International students bring billions of euros into both Germany’s fiscal coffers and help stimulate economic growth, according to a study published last week by the German Economic Institute (IW).
The Cologne-based researchers calculated that the 79,000 international students who began studying in Germany in 2022 alone will pay almost €15.5 billion ($16.8 billion) more in taxes and social security contributions during their lives than they will receive in benefits.
Joybrato Mukherjee, president of the German Academic Exchange Service (DAAD), which commissioned the study, said in a statement that the findings showed that “international students are an asset to our country in many ways, academically of course, but also economically.”
Germany enjoys a healthy “staying rate” for foreign students: According to an study from 2022, some 45% of people who came to Germany on a student visa in 2010 were still in Germany 10 years later. By then, they have already more than covered the cost of their education: The IW calculated that the cost of educating students is covered by their taxes and social security contributions if 40% of them stay for three years after their studies have finished.
Why students like Germany
There might be plenty of reasons for international students to come to Germany — but one was particular attractive for Younis Ebaid, an Egyptian software developer who moved to Ingolstadt in 2021 to do an English-language master’s program in automative engineering at the Bavarian city’s Technical University of Applied Sciences (THI).
“My first option was English-speaking countries, but it’s very, very expensive,” the 28-year-old told DW. “Germany was the most affordable option.” That is because almost all academic institutions in Germany don’t charge tuition fees, even for foreign students. Germany may have established free higher education out of a concern for social justice many decades ago, but it is now functioning as an incentive to attract skilled labor into the country.
“We only pay public semester contributions, which in my university was €60 per semester — that is even cheaper than my university in Egypt,” said Ebaid. Ingolstadt also had other notable attractions — the city of just 140,000 people is the home of Audi, which funds much of the research done at THI. Ebaid said many of his professors had experience working for the auto giant. “Basically the whole town breathes automatives, so it was a very good option,” he added.
Working students
But the cost of living in Bavaria is many times higher than in Egypt, and Ebaid could not live for free — which is why he found part-time work as a software developer in Munich, a job mediated by the university services.
Wido Geis-Thöne, senior economist at IW and co-author of the new report, said this was the main surprise of the study: “International students are already making contributions during their studies, because a large proportion of them get employment.”
The hard part, however, was the transition after graduation. Those university-mediated part-time jobs are only for students — once they’ve graduated, foreign students are at the mercy of the job market: And Germany’s is currently weathering a rough patch. and in recent months.
“When I first came to Germany, the economy was in good shape,” said Ebaid. “But when I finished my master’s in 2024, the decline started. I applied for eight months until I got this full-time job.”
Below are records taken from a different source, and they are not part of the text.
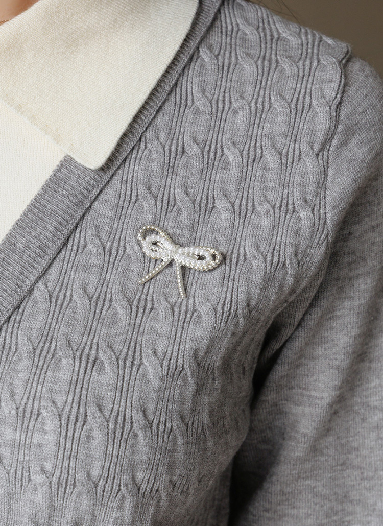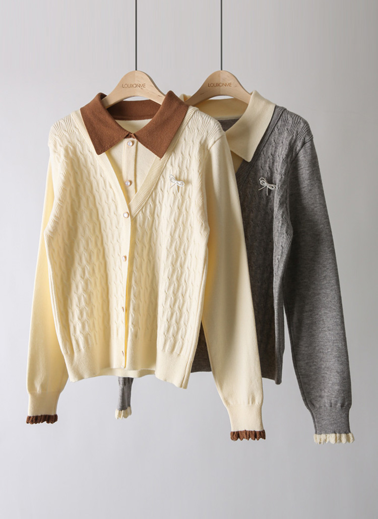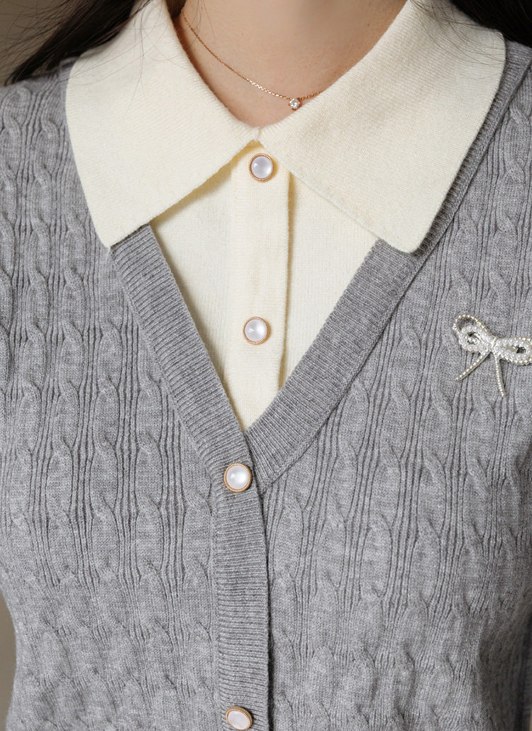 메랄다 리본브로치 SET 꽈배기 배색 레이어드 디자인 카라 니트
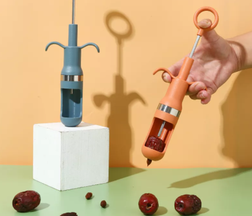 Cherry core remover tool, ABS + stainless steel, handheld push design, easy to use & clean, safe for cherries, jujubes, dates, olives, and more.
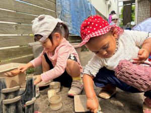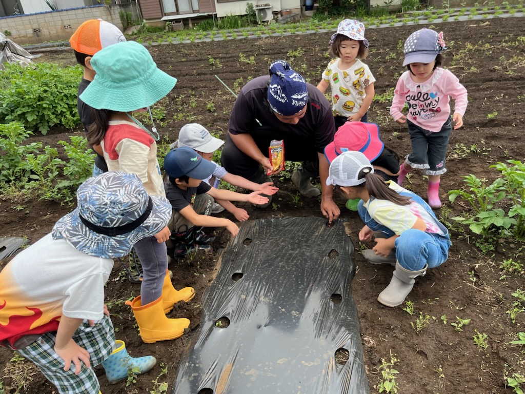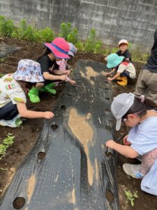 4.5歳児の大きい子達は畑に出てトウモロコシの種まきとさつま芋の苗を植えました🌽🍠

He managed to bridge that gap by working in restaurants and hotels, but now Ebaid is a software development engineer for a global Indian company that makes software for German carmakers. “I got lucky,” he said. “It was one of the few companies that was getting projects.” He mentions former co-students who have been searching for work for more than a year.
Here to stay?
Ebaid’s experience chimes in with IW’s findings. Geis-Thöne said that over the past decade or so, Germany has tried to create the legal framework to get foreign students stay in the country. “In the Anglo-Saxon world, it isn’t the case everywhere that they really want international students to stay,” he said. “There are actually legal hindrances to it sometimes.”
While in other countries foreign students are perhaps mainly seen as a source of extra income for universities, it seems that in Germany, industry has begun to see university campuses as recruitment grounds. Ebaid has seen this firsthand: “The system that is already in place is very good, in my opinion,” he said. “My university gave workshops about how to prepare your CV, how to do good in interviews, how to penetrate the German market. They also organize job fairs once a year, where they bring companies to the university campus.”
Ebaid says that his plan was always to stay in Germany after his studies — though now, given the country’s economic struggles, he is not sure he will be always be able to stay in Germany. “The main problem is that big companies are losing money, so they are closing a lot of projects and firing a lot of people,” he said.
Though Germany appears to be doing a lot right, there’s definitely room for improvement. Ebaid said his biggest problem with Germany was the lack of bureaucratic leniency when it comes to language. “In some government offices, the information is only available in German, and although the people there speak English, they prefer to only speak German,” he said. “This is something they can improve: To be a little bit tolerant towards the language barrier.”
Though he does not need to speak German at his own job, where the working language is English, Ebaid is learning German because he is hoping to apply for permanent residency. “If I was more proficient in German, my life would’ve been so much easier,” he said. “I have been rejected in so many companies because the working language was German.”
The IW made various recommendations for how better to integrate graduates into the workforce including a “targeted promotion of immigration” — but, it added, that shouldn’t necessarily be an end in itself. Educating people from all over the world is, the IW argued, ultimately to Germany’s advantage in itself, as it strengthens relations with other countries and fosters an international community among academics — even if, or especially if, they go back home after their studies.